Probing dissipation process via Fano resonance and collective effect in the X-ray cavity

TL;DR

This paper investigates the dissipation process in a nuclear ensemble embedded in a cavity by analyzing the complex trajectories of the Fano resonance parameter q, revealing methods to control decoherence via collective effects and cavity interactions.

Contribution

It introduces the extension of the Fano parameter q into the complex plane and explores how collective effects and controllable parameters influence dissipation and decoherence.

Findings

Complex trajectories of q can be manipulated by nuclear abundance and angle offset.

Strong energy exchange suppresses dissipation and decoherence.

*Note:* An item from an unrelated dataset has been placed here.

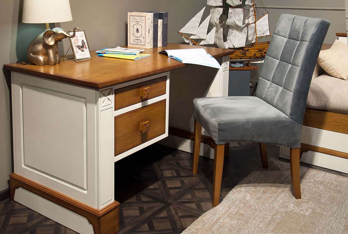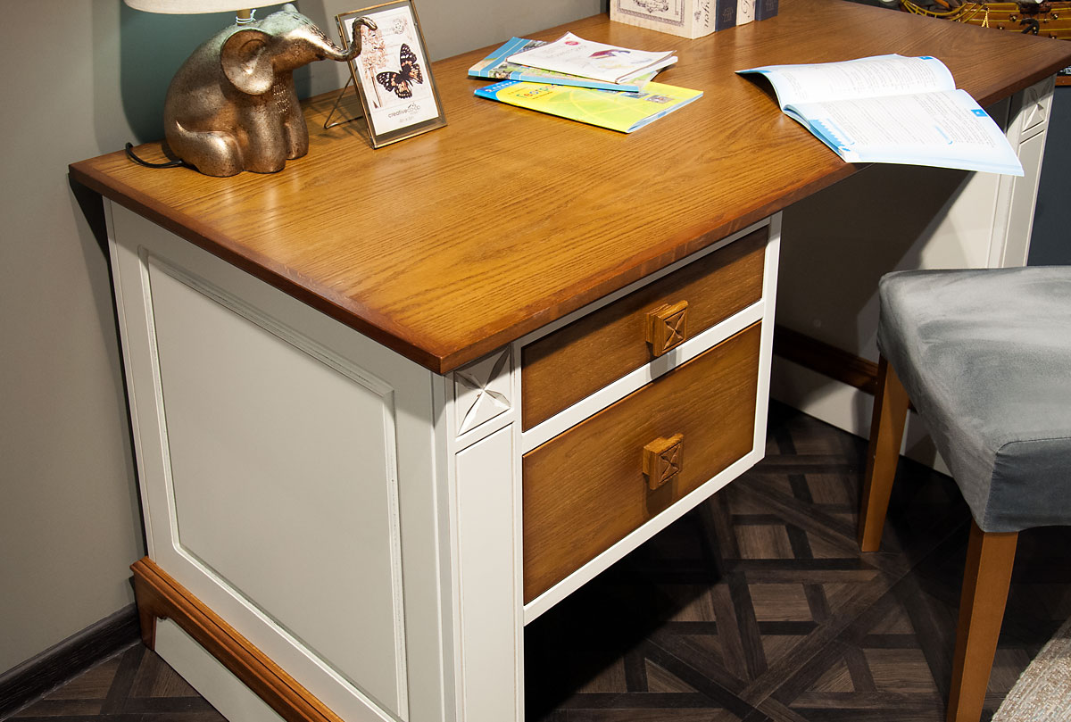 Письменный стол «Бриансон» с одной тумбой слева – добротный и стильный, сочетает в себе оригинальный дизайн и практичность выполнен из массива и шпона дуба, тонированный в оттенок: «жемчуг+дуб». Стол «Бриансон» оснащен двумя выдвижными вместительными ящиками с направляющими полного выдвижения.

Different controllable methods produce distinct trajectories in the complex plane.

Abstract

In the absence of time-reversal symmetry, the asymmetric parameter q of the Fano resonance is extended into the complex space, where its trajectory can be utilized to investigate the decoherence process. By embedding the ensemble of M$\ddot{\rm{o}}$ssbauer nuclei in the thin-film planar cavity in this work, the trajectories of asymmetric parameter q are studied via the collective effect of the nuclear ensemble, which is regulated by the nuclear abundance and angle offset. Due to the diverse controllable methods of the collective resonant strength, there are different straight lines and arc-shape trajectories in the complex plane, in which the slopes and the radius can be respectively adjusted by the angle offset and nuclear abundance. It is demonstrated that the dissipation process can be suppressed equivalently by the strong energy exchange between the cavity and nuclear ensemble. The present results could enrich the behaviors of the asymmetric parameter q in the complex plane and would provide new possibility for the decoherence research through the thin-film planar cavity.